How do you want people to feel after they see your documentary?

We hope people are moved, inspired, and angry. All the feels.

Amanda McBaine and Jesse Moss attend the January 18 premiere of “Girls State” at the Eccles Theatre in Park City, Utah. (Photo by George Pimentel/Shutterstock for Sundance Film Festival)

Your favorite part of making the film? Memories from the process?

Production was a monumental undertaking. We were amid 500 teenage girls and 700 teenage boys, as both Girls State and Boys State programs were held simultaneously on the same campus. We have a talented production team, but the action is fast, furious, and sometimes overwhelming. These girls never slowed down, and neither did we. We loved the intensity of the experience, of life unfolding in front of our eyes, and watching the way the weeklong journey became a crucible for our subjects, forging transformation in just a brief period of time. We watched these young women grow up in front of us. It was also meaningful that Zoe, our seventeen-year-old daughter, worked on the production. She got to work with her parents on set for the first time.

What was a big challenge you faced while making this film?

The challenge of the film was casting. We spent weeks crisscrossing the state of Missouri (which is vast), meeting girls in their homes and getting to know them. Identifying girls who were open to sharing their experience with us (a big ask) and had the requisite confidence, political ambition, and openness to make the most of the experience took patience. Finding our subjects, who all did remarkably well, was ultimately a combination of shoe-leather work, intuition, and luck, all factors in any cinema vérité film.

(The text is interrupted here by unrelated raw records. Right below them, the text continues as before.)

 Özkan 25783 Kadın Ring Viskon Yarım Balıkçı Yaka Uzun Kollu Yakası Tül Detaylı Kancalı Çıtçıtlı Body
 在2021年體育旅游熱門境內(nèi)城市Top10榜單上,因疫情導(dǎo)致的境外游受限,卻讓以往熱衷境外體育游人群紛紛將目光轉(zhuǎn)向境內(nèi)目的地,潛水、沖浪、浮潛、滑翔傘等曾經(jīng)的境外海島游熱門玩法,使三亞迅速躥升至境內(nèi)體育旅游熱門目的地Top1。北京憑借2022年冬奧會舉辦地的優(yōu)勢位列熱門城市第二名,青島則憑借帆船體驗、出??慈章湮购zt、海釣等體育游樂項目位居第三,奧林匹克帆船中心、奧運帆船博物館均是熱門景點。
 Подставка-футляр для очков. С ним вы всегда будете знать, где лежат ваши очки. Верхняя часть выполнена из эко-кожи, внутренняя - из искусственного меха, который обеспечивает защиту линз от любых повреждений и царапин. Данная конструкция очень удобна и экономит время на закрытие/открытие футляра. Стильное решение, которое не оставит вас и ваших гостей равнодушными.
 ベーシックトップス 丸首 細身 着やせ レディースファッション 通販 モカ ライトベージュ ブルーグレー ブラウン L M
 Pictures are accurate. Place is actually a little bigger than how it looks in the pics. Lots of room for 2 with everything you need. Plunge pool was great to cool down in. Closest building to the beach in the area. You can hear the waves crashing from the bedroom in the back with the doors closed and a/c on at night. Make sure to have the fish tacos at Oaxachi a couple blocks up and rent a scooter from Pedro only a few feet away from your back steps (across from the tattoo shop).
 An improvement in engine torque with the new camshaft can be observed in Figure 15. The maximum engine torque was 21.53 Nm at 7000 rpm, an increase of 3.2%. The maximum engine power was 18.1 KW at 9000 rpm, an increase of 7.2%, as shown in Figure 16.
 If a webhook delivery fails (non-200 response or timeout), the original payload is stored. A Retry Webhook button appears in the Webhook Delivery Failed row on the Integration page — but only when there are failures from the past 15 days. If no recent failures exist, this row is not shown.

Tell us why and how you got into filmmaking.

Both of us discovered documentary filmmaking at the same time, in the early 1990s, and then we discovered each other, working in separate documentary production companies in New York City. We made our first film together, Speedo (2003), using Amanda’s MiniDV camera. It was a creative partnership born from a passion to make our own work, inspired by films like Harlan County, USA and Brother’s Keeper. Filmmaking is infinitely challenging and inspiring, a collaborative art form that is artistic and political and spiritually meaningful.

Why is filmmaking important to you? Why is it important to the world?

Filmmaking is storytelling, an ancient practice made new. It’s how we communicate with each other about the world and make sense of the big questions.

What is something that all filmmakers should keep in mind in order to become better cinematic storytellers?

Shoot your own films when you’re starting out. Learn to look at life and people through the viewfinder, and learn to trust your instincts. Learn when to pick the camera up and when to put it down. Watch movies, lots of movies. And study visual art and photography.

Films are lasting artistic legacies; what do you want yours to say?

We hope Girls State is a moving, inspiring, and provocative portrait of young women in America today who are finding their voice, challenging the limits that society places on them, and forging a new politics that moves beyond the polarization and partisanship that plague our country. We hope the film introduces a handful of powerful new voices to the conversation.

What three things do you always have in your refrigerator?

Skippy peanut butter, oat milk, and a bottle of Champagne (for some reason, we never drink it) in anticipation of a celebratory event that awaits after all the hard work.

Tell us about your history with Sundance Institute. When was the first time you engaged with us? Why did you want your film to premiere with us?

We premiered The Overnighters at the Sundance Film Festival in 2014, after receiving a Documentary Film Program Grant and participating in the Producers Lab. Jesse returned to advise the Edit and Music labs from 2015–2016. In 2020 we premiered Boys State at Sundance. It’s hard to overstate the impact that the Festival and the labs have had on our artistic careers. And our Festival premieres have been out-of-this-world magical. There is no better festival and film community to debut a film than Sundance, the intensity and electricity and concentrated celebration of independent filmmaking is nourishment to the heart and the mind.